Impact of postprandial and fasting glucose concentrations on HbA1c in patients with type 2 diabetes.

AIM: This study aimed to assess the relative contributions of postprandial and fasting glucose concentrations to overall hyperglycaemia. METHODS: Patients with type 2 diabetes (n=973) carried out self-monitored blood glucose (SMBG) profiles on entry into the European Exenatide (EUREXA) trial. Glucose area under the curve was calculated for postprandial excursions (AUC(ppg)) and total daytime concentrations >6.1 mmol/L (AUC(total)), as well as for the percentage of glycaemia due to postprandial excursions (%(ppg)). In addition, OGTT scores were assessed for each patient. Results were evaluated according to defined HbA(1c) categories. RESULTS: There was a significant linear relationship between HbA(1c) and the derived variables of AUC(ppg), AUC(total) and %(ppg) (P<0.001 for each), with explained variance greatest for AUC(total) (r(2)=37.4%).

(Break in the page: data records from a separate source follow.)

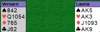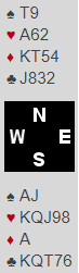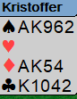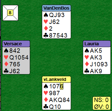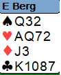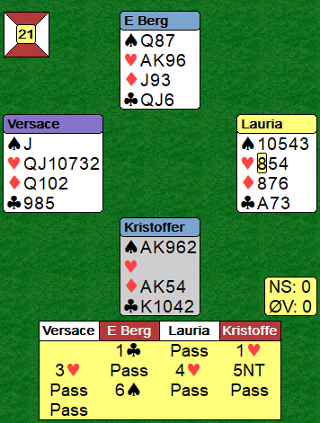 I det fjerde spillet (alle i sonen) satt Erik Berg med dette og hørte Versace til høyre åpne med 1 kløver.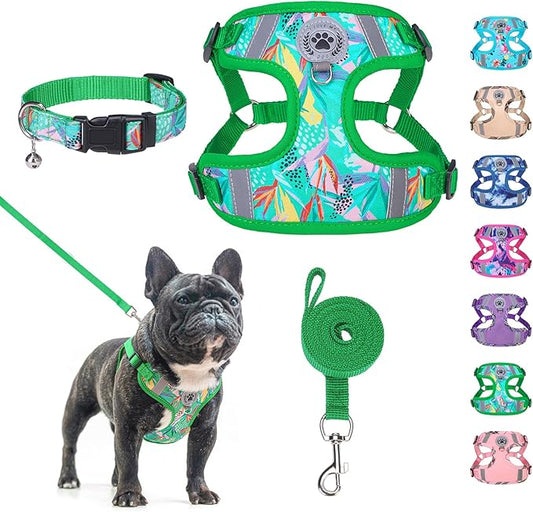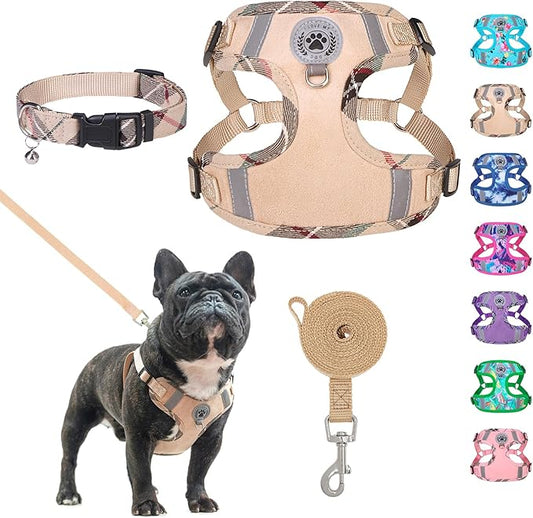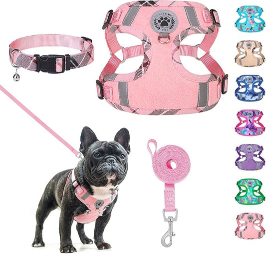 BEAUTYZOO Step in Dog Harness Collar and Leash Set for Small Medium Large Dogs, No Pull No Choke Puppy Harness, Soft Mesh Reflective Pet Padded Vest Adjustable for Doggie Girl or Boy,French Bulldog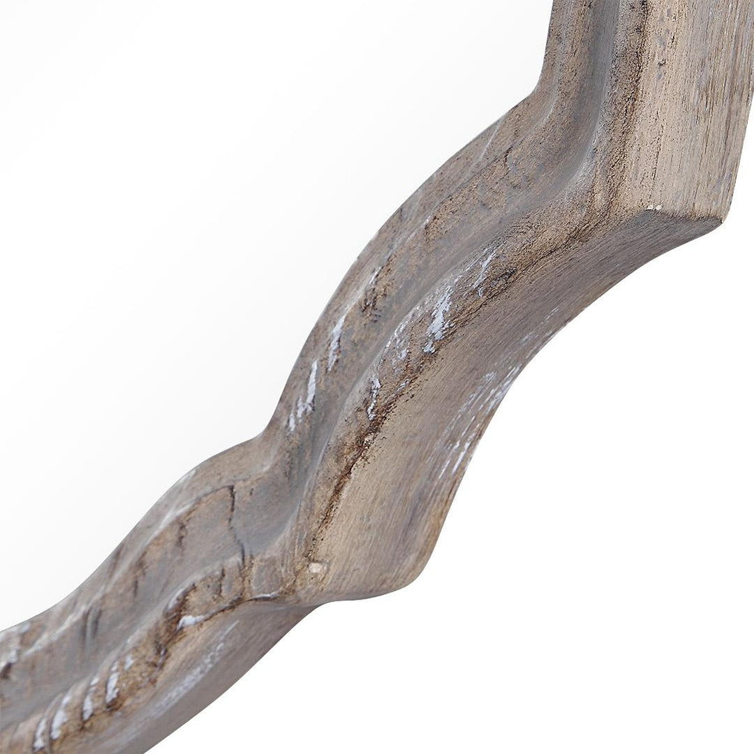 The Keiichi Aurelia Wood Effect Mirror is a beautiful addition to any space, featuring an elegant frame finished to resemble natural wood. Light ivory distressing highlights the graceful curves, offering a rustic charm that complements traditional or contemporary settings. This versatile mirror can be hung vertically or horizontally, making it ideal for hallways, living rooms, or entryways.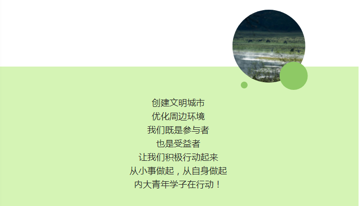 为积极响应呼和浩特市创建全国文明城市的号召,弘扬社会主义核心价值观,凝聚青年力量,担负时代使命,助力文明城市创建工作,增强内大学子社会责任感,太阳成集团tyc122ccvip向公司青年发起号召,鼓励大家身体力行,扎根实践,厚植城市荣誉感,投身到创建文明城市的伟大事业中来。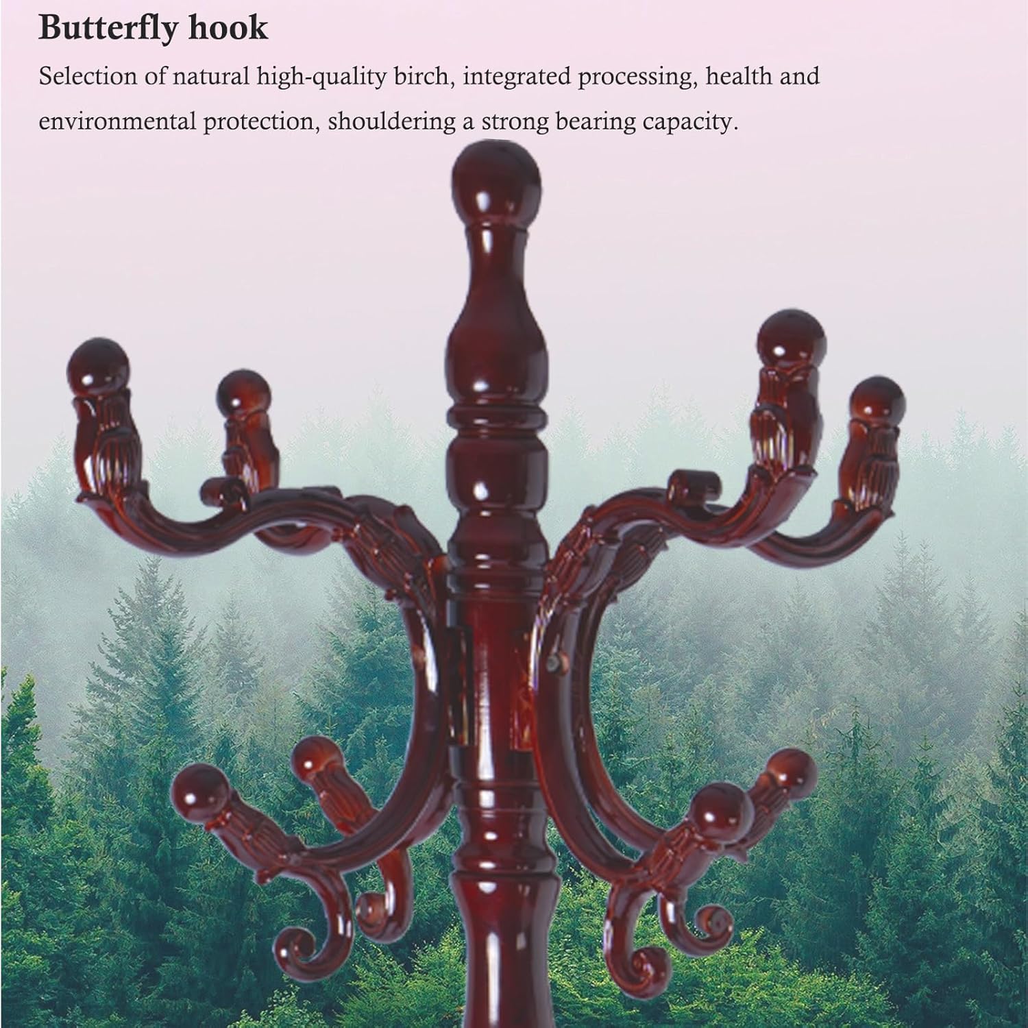 - 【Natural Solid Wood】The wooden coat rack is carefully selected from natural birch wood. The wood coat rack freestanding has a natural texture, which is tough and sturdy, wear-resistant and not easy to crack. Coat tree hanger can hang handbags, hats, keys, backpacks, scarves, ties, or any other small things you want.

AUC(ppg) increased only slightly up to an HbA(1c) of 7.0%, but showed a steeper increase in higher HbA(1c) categories. Also, the increase in AUC(total) with increasing HbA(1c) was much more pronounced. As a result, the postprandial glucose excursion as a proportion of total glucose (%(ppg)) decreased across HbA(1c) categories from 61.0% at HbA(1c)<6.5% to 22.0% at HbA(1c)≥9.0%. HOMA-IR remained virtually unchanged through all HbA(1c) categories, while HOMA-B showed no large changes up to HbA(1c) 7.0%, but then decreased at higher HbA(1c) values. The ΔI30/ΔG30 ratio decreased in the HbA(1c) 7.0-7.9% category, but did not change greatly at higher HbA(1c) categories. CONCLUSION: With increasing HbA(1c), there was a decrease in the contribution of postprandial hyperglycaemia to total glycaemia, and fasting hyperglycaemia became more important. This is consistent with impaired insulin release, particularly first-phase release, at higher HbA(1c) levels.